Radio 101: Multiracial Youth Refuses To Choose Sides
Persia Taheri's father is Persian and her mother is African American. Persia says she was initially oblivious about race. According to her mother, Stephanie Taheri, Persia only started recognizing differences in "color and culture" as she got older.
As a teen, Persia sometimes feels that people want her to belong to one race or the other.
People will sometimes say I’m not “black enough” or that I “act white” and “talk white”, as if the way I talk is a color.
Persia spoke to Dr. Sarah Gaither, a psychologist from Duke University who studies multiracial children. Dr. Gaither says the pressure on mixed race children to choose which group they belong to can lead to lower self-esteem.
Persia agrees and adds that people's assumptions about her race are determined by which parent she is with.

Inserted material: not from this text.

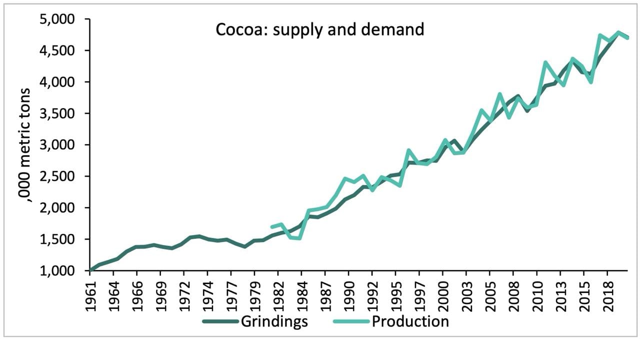 Over the past sixty years, cocoa consumption has grown at an average rate of about 2.5% per year. There’s been remarkably little variation, growing across almost all consecutive three-year periods. The chart below shows grindings (demand) measured in thousands of tons vs. a much more volatile production (supply).

When I’m with my Persian dad, people are like, “Okay, she’s foreign or white.” But if I’m with my mom who’s black, people think, “Oh, she’s definitely mixed.”
Dr. Gaither points out that a multiracial youth's appearance can affect their experiences, depending on whetherothers see them as more minority or more white.

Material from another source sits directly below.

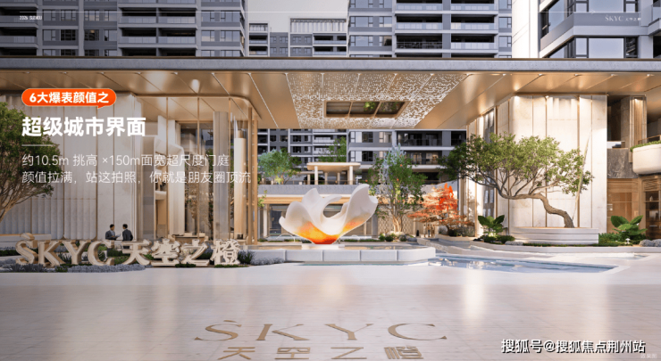 比如,光是一个小区大门头尺度就有大概150米,门头有10.5米的挑高。从效果图来看,门顶还有星空顶,门前有艺术雕塑+水景,两侧还有名贵的树,前场地铺也很高级...

Persia says she now identifies with both of the races in her family, though she acknowledges that some mixed race youth identify with only one race and others think of themselves as simply human.

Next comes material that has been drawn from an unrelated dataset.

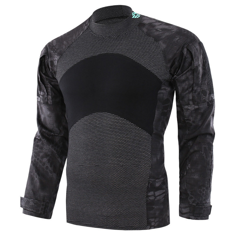 Cross border ESDY three generations of frog clothes new cotton camouflawy military training clothes round collar tight mesh long sleeve men's combat clothes

Gaither says adolescents who identify as biracial or multiracial have certain advantages, such as higher self-esteem and more flexible thinking.
Persia now associates with students who recognize all aspects of her identity.
I tell myself that people who want me to choose only half of what I am to “fit in” are not the best pick of friends. I have definitely lived a more peaceful, worry-free, accepting life that way.